Why single-pass compilation is hard once you have forward references and types.
Why garbage collection matters -- your VM needs one.
Why constant folding and dead code elimination are easy optimizations with disproportionate impact.
Why optimization is the largest part of any production compiler -- and the easiest part to skip without losing the point.

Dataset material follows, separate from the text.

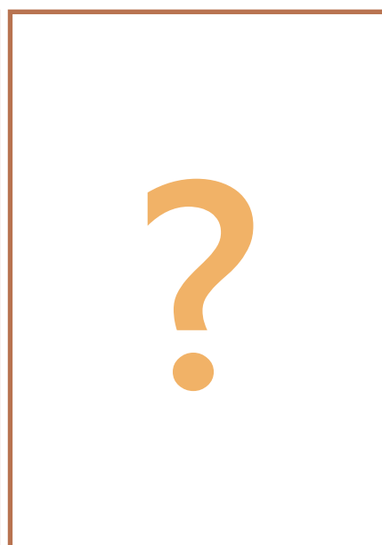
Ответ на обложке июньского номера журнала

Совет молодых адвокатов Нижегородской области организует очередной конкурс «Мисс адвокатура Нижегородской области 2018». Его проведение приурочено к празднованию Дня адвокатуры, отмечаемого адвокатским сообществом России 31 мая. Желаям заявиться на участие в конкурсе и тем, кто хотел бы помочь мероприятию, предложено обращаться в СМА (контакты на сайте www.sma-nn.ru ).

2. Where this fits in the degree

Phase: Systems
Semester: 4 (Systems Programming)
Modules deepened: Module 1 (C/Go/Rust), Module 3 (computer organization -- codegen requires understanding the target machine), Module 5 (abstraction & interpretation -- capstone of the module).

Cross-phase relevance:

Builds on the Interpreter tutorial.
Architectural lessons from compiler design (multiple passes, IR, optimization) transfer to the Web Browser Engine (CSS -> style -> layout is also a multi-pass pipeline) and Database (relational) (SQL -> logical plan -> physical plan).

3. Prerequisites

Complete the Interpreter tutorial first. This tutorial assumes you have a working tree-walking interpreter and want to make it faster.
Comfort with bytecode (or assembly, if doing native codegen).
Basic familiarity with stack machines (JVM, CPython bytecode, WebAssembly).

4. Theory & research

Required reading

Robert Nystrom, Crafting Interpreters, Part III -- craftinginterpreters.com. Builds a bytecode VM compiler for Lox in C. Roughly 2,500 lines. â the canonical text for this project.
Thorsten Ball, Writing A Compiler In Go -- compilerbook.com. Builds on his interpreter book. Stack-based VM. Excellent.

Strongly recommended

Aho, Sethi, Ullman, Compilers: Principles, Techniques, and Tools ("Dragon Book", 2nd edition) -- Chapters 6 (intermediate code), 8 (code generation), 9-10 (optimization). The standard reference.
Appel, Modern Compiler Implementation in {C, Java, ML} -- alternative textbook. Better on register allocation.
Engineering a Compiler -- Cooper & Torczon. The third major textbook. Strong on optimization.

For specific topics

Lattner & Adve, "LLVM: A Compilation Framework" (2004) -- the canonical SSA-based compiler infrastructure.
Aycock, "A Brief History of Just-In-Time" (ACM, 2003) -- short paper on JIT compilation.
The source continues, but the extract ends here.